C/1855 L1 (Donati)

Discovery
- Discovered by: Giovanni B. Donati
- Discovery site: Florence, Italy
- Discovery date: 3 June 1855

Designations
- Alternative designations: 1855 II

Orbital characteristics
- Epoch: 17 May 1855 (JD 2398720.5)
- Observation arc: 14 days
- Number of observations: 49
- Aphelion: 79.259 AU
- Perihelion: 0.5676 AU
- Semi-major axis: 39.913 AU
- Eccentricity: 0.98578
- Orbital period: 252 years
- Inclination: 156.871°
- Longitude of ascending node: 262.231°
- Argument of periapsis: 22.488°
- Last perihelion: 30 May 1855
- Next perihelion: ~2097
- T_{Jupiter}: –0.726

Physical characteristics
- Comet total magnitude (M1): 11.3
- Apparent magnitude: 8.0 (1855 apparition)

= C/1855 L1 (Donati) =

Long-period comet

Comet Donati, formally designated as C/1855 L1, is a long-period comet that has an orbital period of approximately 252 years. It was the second comet discovered in 1855, and the first of five comets discovered by Italian astronomer, Giovanni Battista Donati.
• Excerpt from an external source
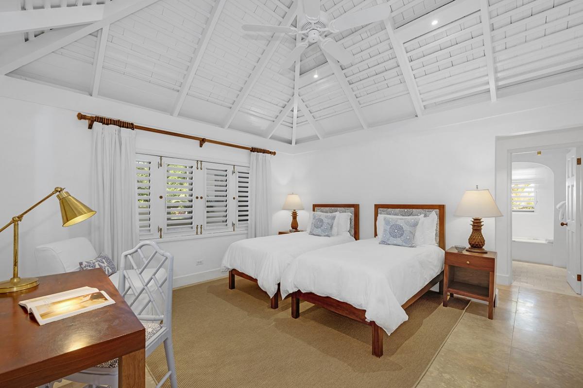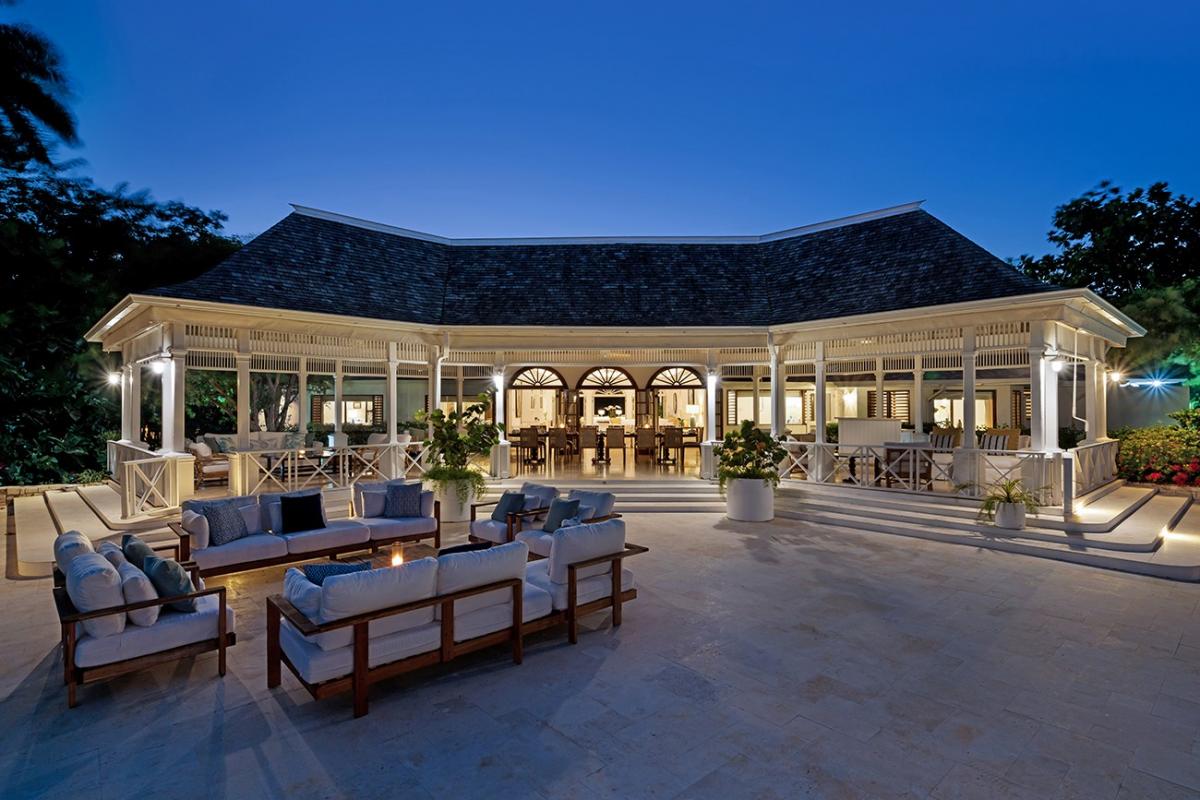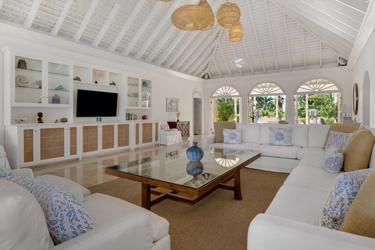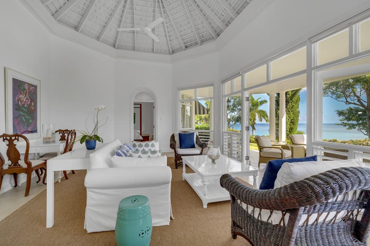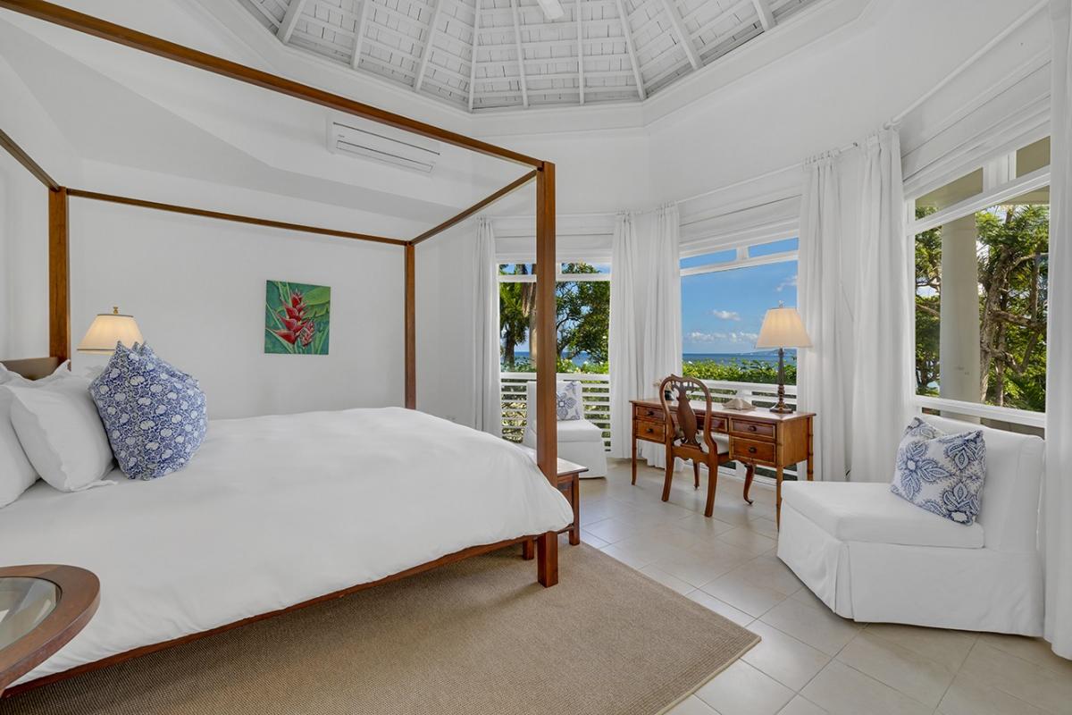The verandahs and Great Room are on 4,000 square feet of cool marble floors, suitable for dancing to music from the indoor/outdoor sound system. From the Great Room, 12 French doors open wide, and nine ceiling fans augment the almost non-stop tradewinds that kiss the top of Round Hill year-round.

== Discovery and observations ==
The comet was discovered by Giovanni Battista Donati on the night of 3 June 1855, describing the comet without a nucleus nor a tail, which was seemingly fainter than Messier 13. Independent observations were also made by Charles Dien, Jr. and Wilhelm Klinkerfues the following day.

The comet was already on its outbound flight upon discovery, where observers noted it had faded significantly by June 14. It was last observed from Germany on 30 June 1855.

== Orbit ==
The first orbital calculations by Karl Christian Bruhns and Donati initially yielded an orbital period lasting 493 years, where the latter had concluded its similarity with C/1362 E1 and may had indicated its possible return to the inner Solar System. However, in 1916, George van Biesbroeck later revised this to 252 years, with gravitational perturbations of Venus and Saturn being considered, and thus concluded that it is unlikely that the comets of 1362 and 1855 were the same object.